Participants were also mostly offered substantial payment for taking the survey ($50 usually, for a ~15m survey), in part in the hope of making payment a larger motivator than desire to express some particular view, but I don't think payment actually made a large difference to the response rate, so probably failed have the desired effect on possible response bias.
It would be cool to give this survey to top AI forecasters and see what the corresponding graphs look like. E.g. get superforecasters-who-have-forecast-on-AI-questions, or maybe top metaculus users, etc.
I would find it fascinating to see this data for the oil and gas industry. I would guess that far fewer people in that industry think that their work is causing outcomes as bad as human extinction (presumably correctly), and yet they probably face more opprobrium for their work (at least from some left-leaning corners of the population).

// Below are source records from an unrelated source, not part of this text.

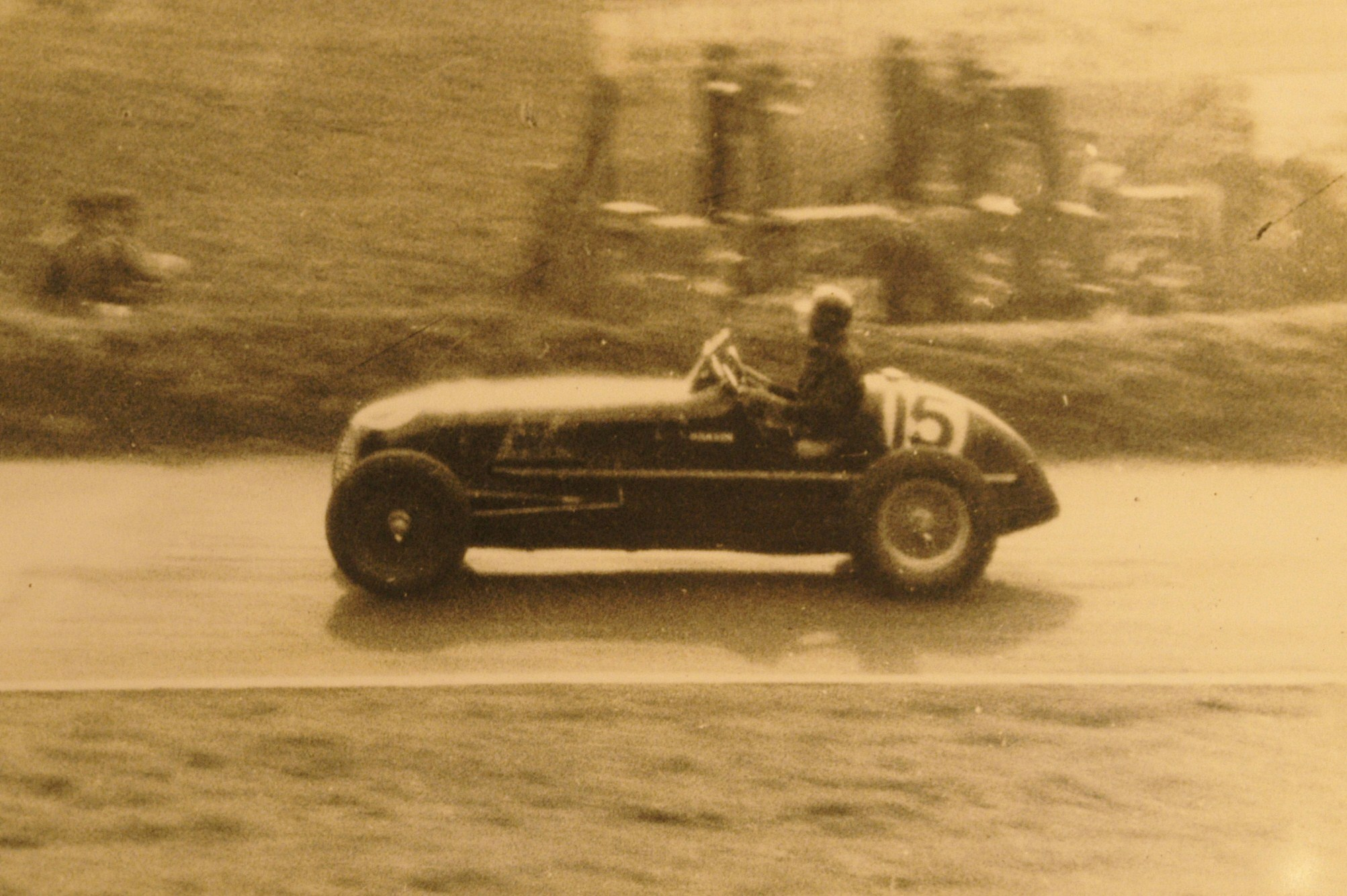 Doninington Grand _Prix 1937. Robin Hanson driving a Maserati.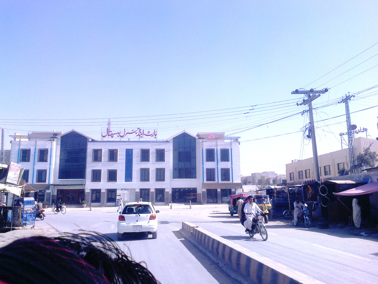 HEART AND GERNAL HOSPITAL QUETTA PAKISTAN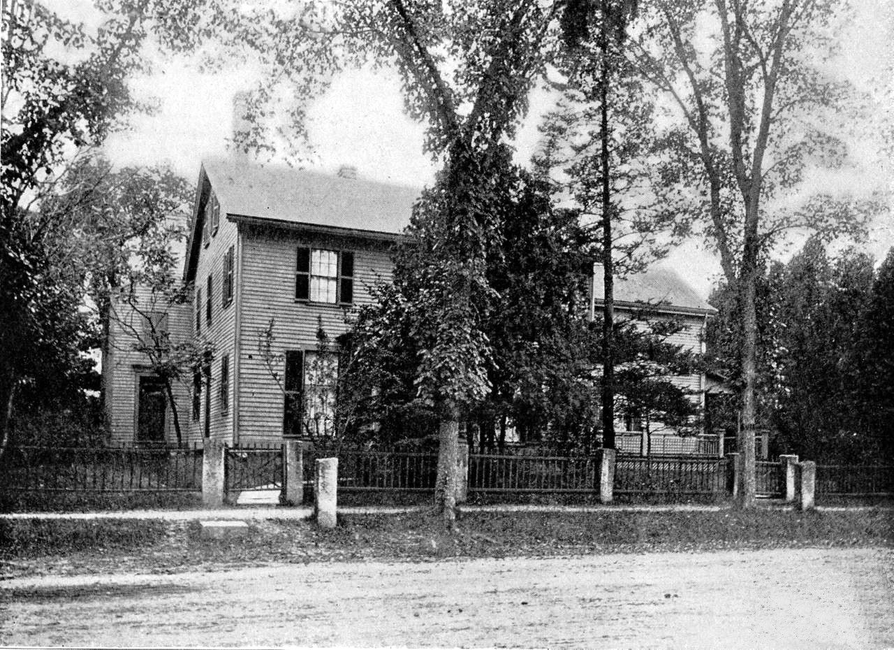 House belonging to family of Henry David Thoreau in Concord, Massachusetts. HDT died here in 1862.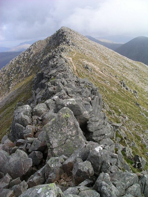 Ridge to Stob Coire Dheirg. One of the most narrow and rocky ridges I have walked! On the path going east from Ben Starav.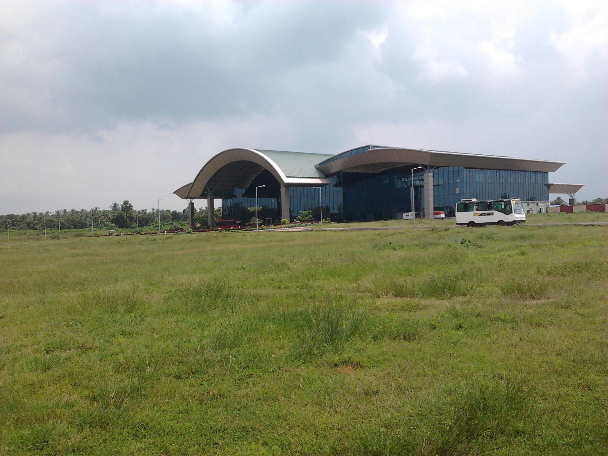 The passenger terminal of Rajahmundry Airport in Andhra Pradesh, India.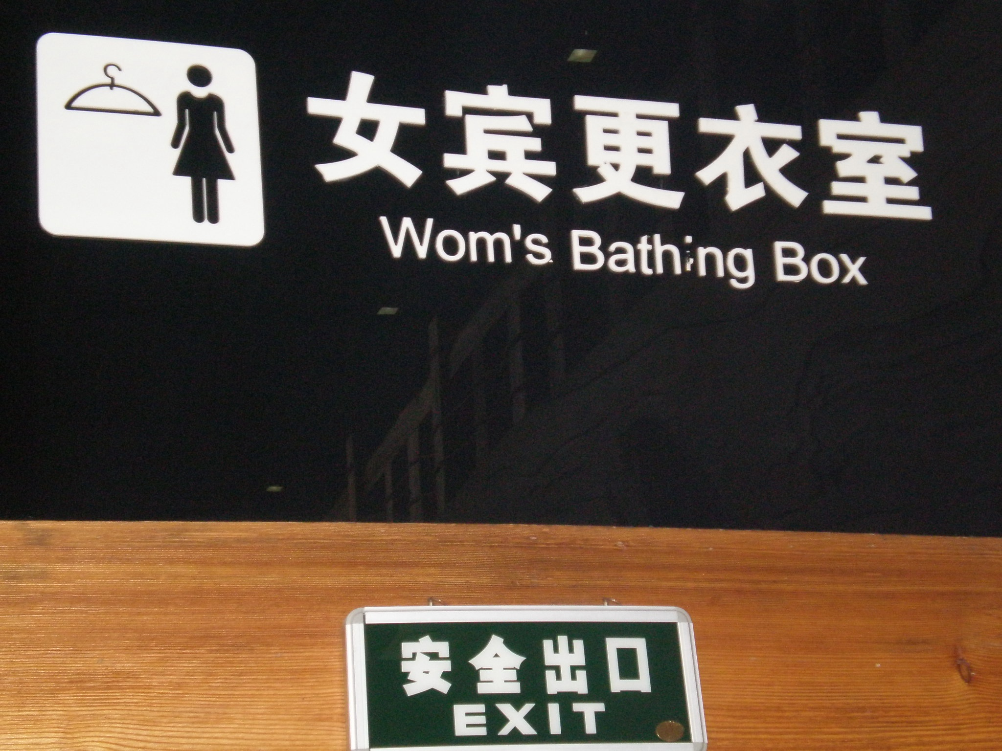 Sign in China -- Women's bathing box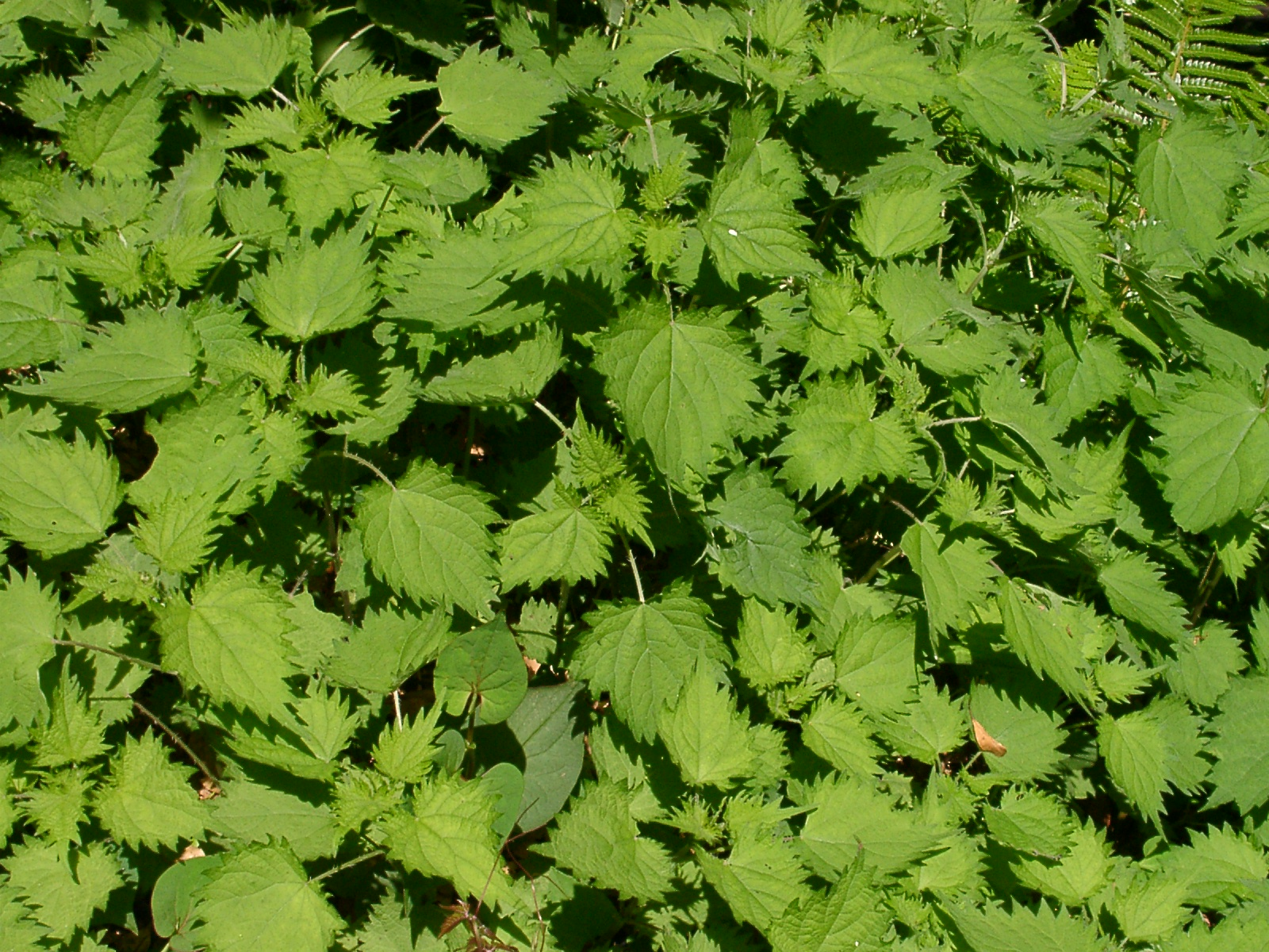 Urtica thunbergiana, Manazuru-machi, Japan.

There are a few obvious flaws in interpreting the survey as is:
Anthropic's write up, afaik, is a nuanced take and may be a reasonable starting point for an informed and calibrated take towards AI research.
I usually don’t engage with AI takes here because it is a huge echo chamber in here but these are my two cents!
Disagree-voting for the following reasons:
I think Metaculus does a decent job at forecasting, and their forecasts are updated based on recent advances, but yes, predicting the future is hard.